## About this task
Starting at the line below with "這是冬季在九寨溝景區(qū)拍攝的諾日朗瀑布形成的冰瀑景觀(guān)。新華社記者 王曦 攝" and stopping at the line with "Полностью готовый к", please print each line exactly, those two included, and skip every picture.

## Record set
--- --- ---
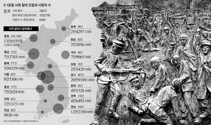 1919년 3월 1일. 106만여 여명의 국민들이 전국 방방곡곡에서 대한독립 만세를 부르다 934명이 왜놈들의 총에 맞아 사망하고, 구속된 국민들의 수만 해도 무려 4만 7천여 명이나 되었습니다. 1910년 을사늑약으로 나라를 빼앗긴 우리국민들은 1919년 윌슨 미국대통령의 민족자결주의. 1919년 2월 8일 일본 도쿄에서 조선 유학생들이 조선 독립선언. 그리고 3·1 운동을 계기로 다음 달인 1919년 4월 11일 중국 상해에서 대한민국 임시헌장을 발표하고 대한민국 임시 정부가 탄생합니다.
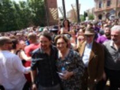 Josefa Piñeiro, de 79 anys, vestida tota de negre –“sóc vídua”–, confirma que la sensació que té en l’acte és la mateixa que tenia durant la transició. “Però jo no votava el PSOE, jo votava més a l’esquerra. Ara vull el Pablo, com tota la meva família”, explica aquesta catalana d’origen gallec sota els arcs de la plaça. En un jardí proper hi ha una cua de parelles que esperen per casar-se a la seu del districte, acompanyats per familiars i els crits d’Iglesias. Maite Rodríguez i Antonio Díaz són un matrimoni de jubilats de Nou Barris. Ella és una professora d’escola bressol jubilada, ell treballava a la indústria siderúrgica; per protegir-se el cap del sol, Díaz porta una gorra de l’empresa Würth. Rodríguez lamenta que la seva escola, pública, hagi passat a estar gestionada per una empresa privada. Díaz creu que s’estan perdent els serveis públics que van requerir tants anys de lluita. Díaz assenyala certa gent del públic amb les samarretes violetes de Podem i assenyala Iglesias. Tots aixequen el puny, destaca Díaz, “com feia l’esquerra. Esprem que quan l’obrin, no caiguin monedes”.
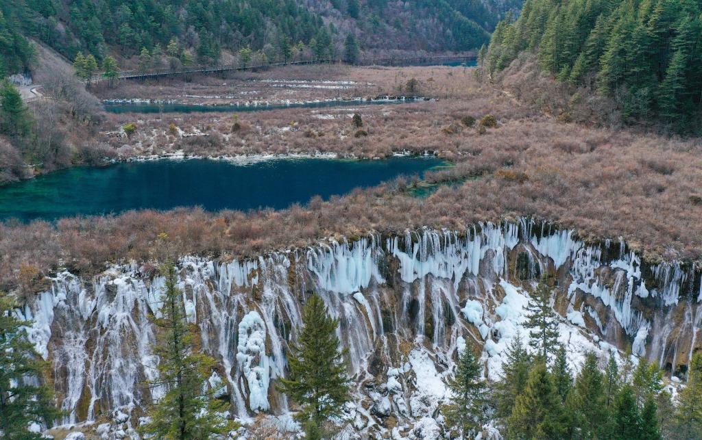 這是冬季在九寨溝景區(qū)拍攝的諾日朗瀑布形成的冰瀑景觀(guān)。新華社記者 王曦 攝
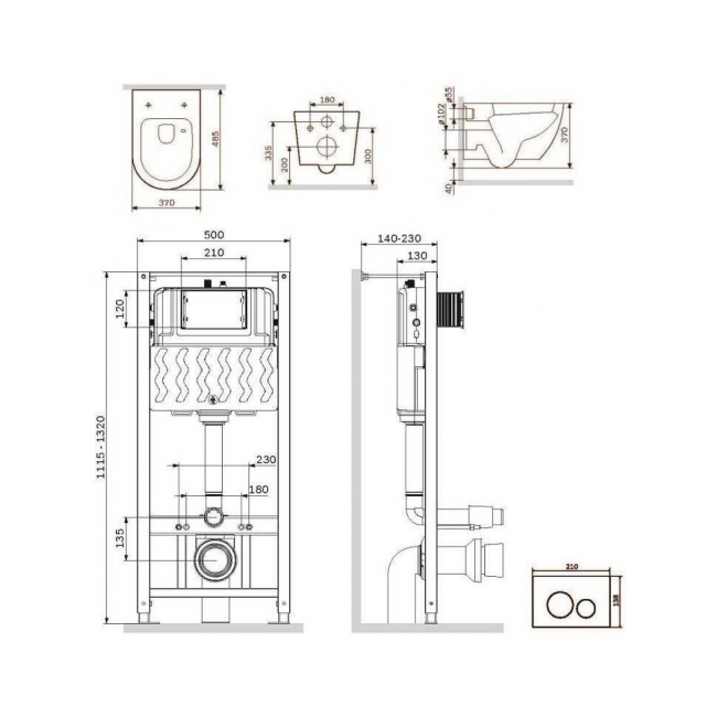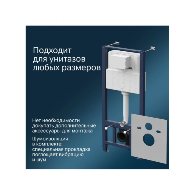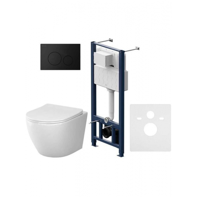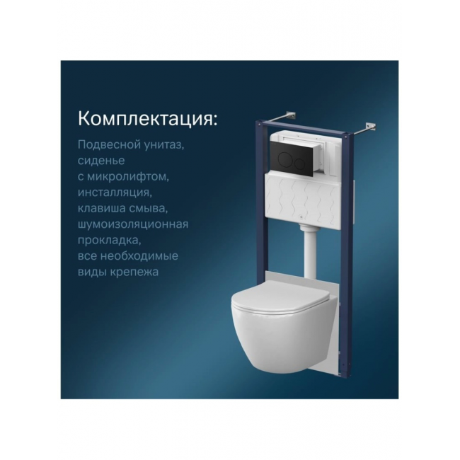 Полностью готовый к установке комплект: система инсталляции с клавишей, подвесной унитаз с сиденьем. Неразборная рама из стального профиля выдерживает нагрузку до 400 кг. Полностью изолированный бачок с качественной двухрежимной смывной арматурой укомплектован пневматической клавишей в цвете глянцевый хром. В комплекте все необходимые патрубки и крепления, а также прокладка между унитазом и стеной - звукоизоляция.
--- --- ---
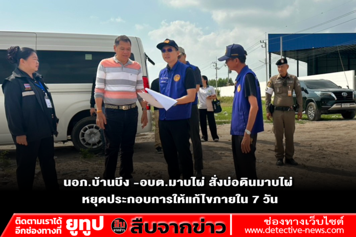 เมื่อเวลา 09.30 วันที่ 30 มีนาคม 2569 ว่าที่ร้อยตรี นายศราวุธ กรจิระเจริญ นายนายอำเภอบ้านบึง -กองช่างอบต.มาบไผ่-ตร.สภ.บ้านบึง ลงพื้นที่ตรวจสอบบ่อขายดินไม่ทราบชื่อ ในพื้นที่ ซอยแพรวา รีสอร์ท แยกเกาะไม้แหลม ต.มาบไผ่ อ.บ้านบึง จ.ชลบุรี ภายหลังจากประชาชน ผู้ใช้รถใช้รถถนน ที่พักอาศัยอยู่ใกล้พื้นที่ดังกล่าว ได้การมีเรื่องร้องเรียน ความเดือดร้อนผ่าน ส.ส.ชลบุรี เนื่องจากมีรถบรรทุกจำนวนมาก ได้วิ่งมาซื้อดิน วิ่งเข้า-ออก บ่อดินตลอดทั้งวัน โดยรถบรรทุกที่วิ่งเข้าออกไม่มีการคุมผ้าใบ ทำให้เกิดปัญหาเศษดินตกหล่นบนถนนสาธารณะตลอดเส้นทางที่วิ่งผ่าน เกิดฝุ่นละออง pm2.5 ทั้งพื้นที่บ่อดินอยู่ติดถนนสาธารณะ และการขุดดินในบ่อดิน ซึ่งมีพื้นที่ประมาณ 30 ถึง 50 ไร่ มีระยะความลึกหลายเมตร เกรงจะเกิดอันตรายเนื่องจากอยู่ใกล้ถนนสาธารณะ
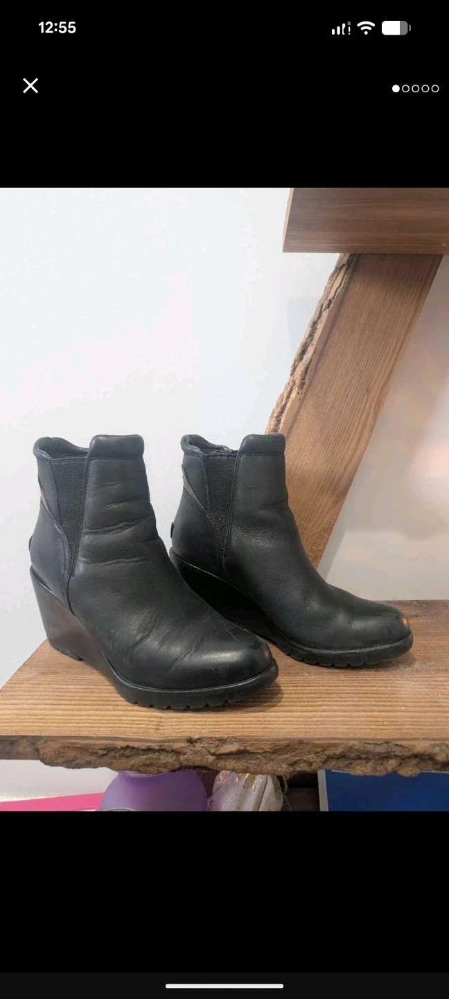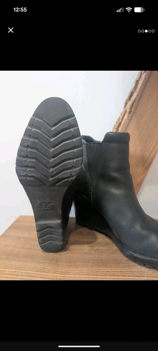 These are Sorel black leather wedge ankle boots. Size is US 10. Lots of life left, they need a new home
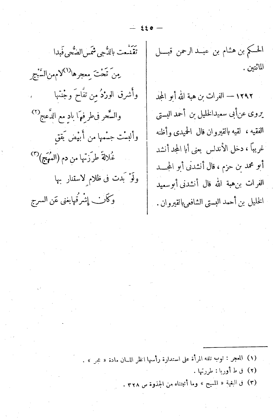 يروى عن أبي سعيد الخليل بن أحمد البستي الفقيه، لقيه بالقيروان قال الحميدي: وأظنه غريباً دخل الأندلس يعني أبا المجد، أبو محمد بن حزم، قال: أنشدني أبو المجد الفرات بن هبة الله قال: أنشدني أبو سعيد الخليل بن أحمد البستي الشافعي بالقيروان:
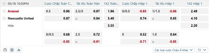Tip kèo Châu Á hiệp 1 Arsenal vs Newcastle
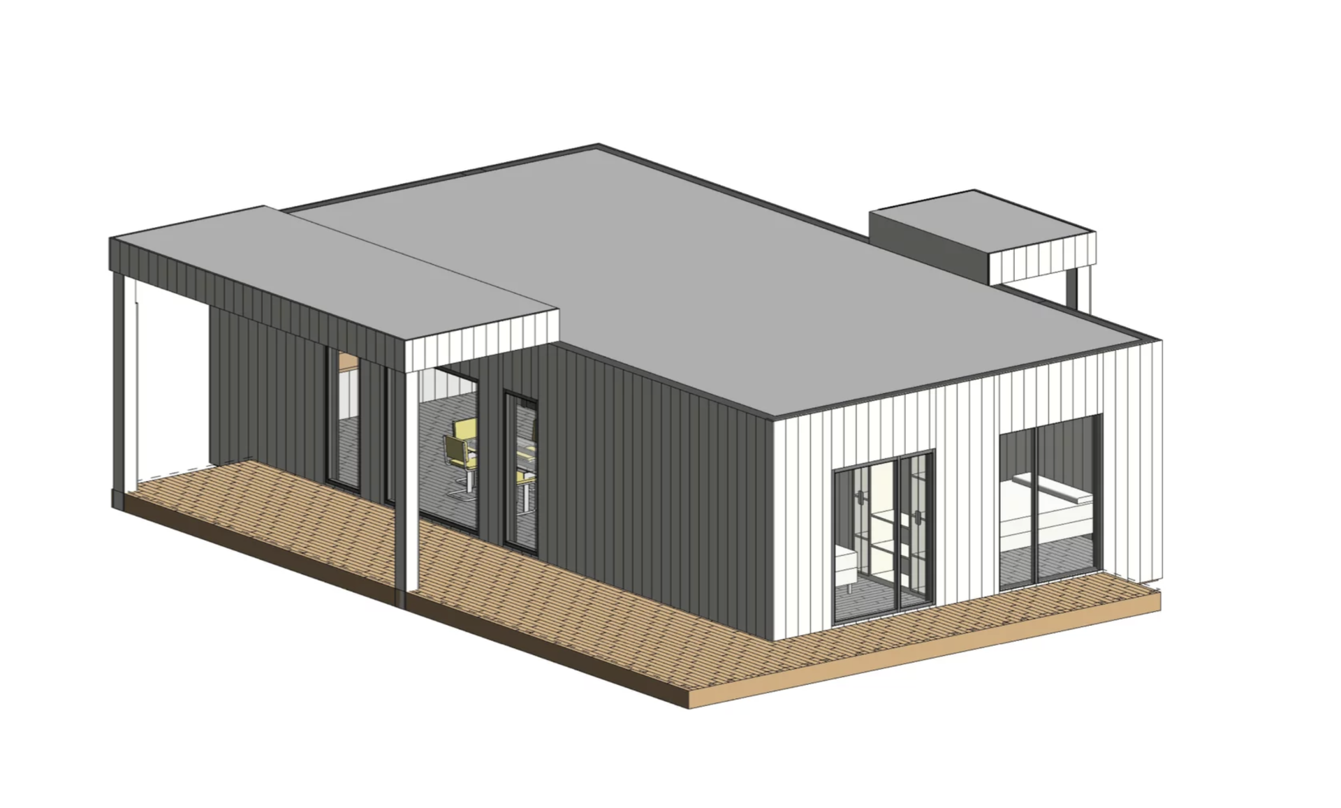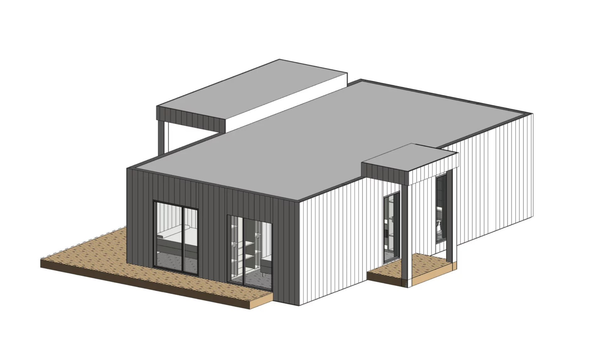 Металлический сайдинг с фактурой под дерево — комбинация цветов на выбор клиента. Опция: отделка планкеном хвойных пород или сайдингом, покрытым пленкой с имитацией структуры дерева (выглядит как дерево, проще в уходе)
--- --- ---
## Result of the task
 這是冬季在九寨溝景區(qū)拍攝的諾日朗瀑布形成的冰瀑景觀(guān)。新華社記者 王曦 攝
 Полностью готовый к установке комплект: система инсталляции с клавишей, подвесной унитаз с сиденьем. Неразборная рама из стального профиля выдерживает нагрузку до 400 кг. Полностью изолированный бачок с качественной двухрежимной смывной арматурой укомплектован пневматической клавишей в цвете глянцевый хром. В комплекте все необходимые патрубки и крепления, а также прокладка между унитазом и стеной - звукоизоляция.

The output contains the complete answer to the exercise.